Jefferson City — The Missouri AFL-CIO is backing the campaign to legalize marijuana for recreational use, Amendment 3, campaign organizers for Legal Missouri 2022 said in a news release.

The Missouri AFL-CIO executive board recommended endorsing Amendment 3 at the union’s statewide convention in August.

“Legalizing marijuana for Missouri adults, while also automatically expunging past, nonviolent marijuana offenses, is a huge step forward for criminal justice reform in Missouri,” Jacob Hummel, president of the Missouri AFL-CIO, said in a statement.

Hummel, a former state senator from St. Louis and IBEW Local 1 member touted “significant revenue” expected for the state’s coffers as well as freeing up law enforcement “to focus on fighting serious and violent crime” in the Federation’s endorsement.

“We urge Missourians to support this common-sense proposal to make Missouri the 20th state to legalize marijuana for adult use,” Hummel said.

PRESIDENTIAL PARDONS
President Biden on Oct. 6 pardoned thousands of people convicted of marijuana possession under federal law and said his administration would review whether marijuana should still be in the same legal category as drugs like heroin and LSD, the New York Times reported.

The pardons will clear everyone convicted on federal charges of simple possession since it became a crime in the 1970s, the Times reported.

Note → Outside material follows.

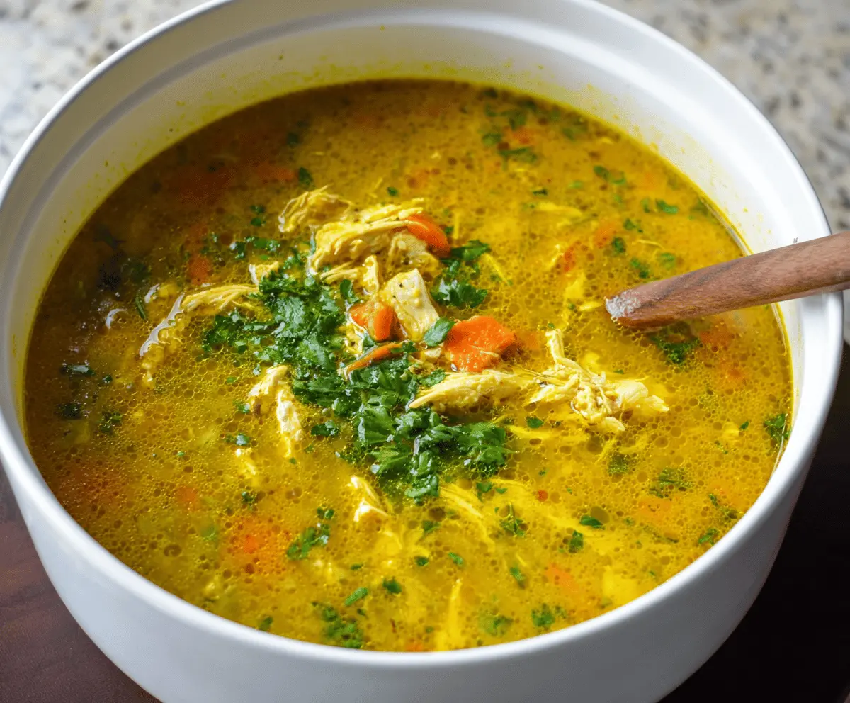 This nourishing turmeric chicken soup is packed with anti-inflammatory ingredients like ginger, turmeric, and black pepper, combined with hearty chicken and vegetables for a comforting and healthy meal.

Officials said full data was not available but noted that about 6,500 people were convicted of simple possession between 1992 and 2021, not counting legal permanent residents. The pardons will also affect people who were convicted under District of Columbia drug laws; officials estimate that number to be in the thousands.

“No one should be in jail just for using or possessing marijuana,” Biden said in a video announcing his executive actions. “It’s legal in many states, and criminal records for marijuana possession have led to needless barriers to employment, housing, and educational opportunities. And that’s before you address the racial disparities around who suffers the consequences. While white and Black and brown people use marijuana at similar rates, Black and brown people are arrested, prosecuted, and convicted at disproportionate rates.

“Too many lives have been upended because of our failed approach to marijuana,” Biden said. “It’s time that we right these wrongs.”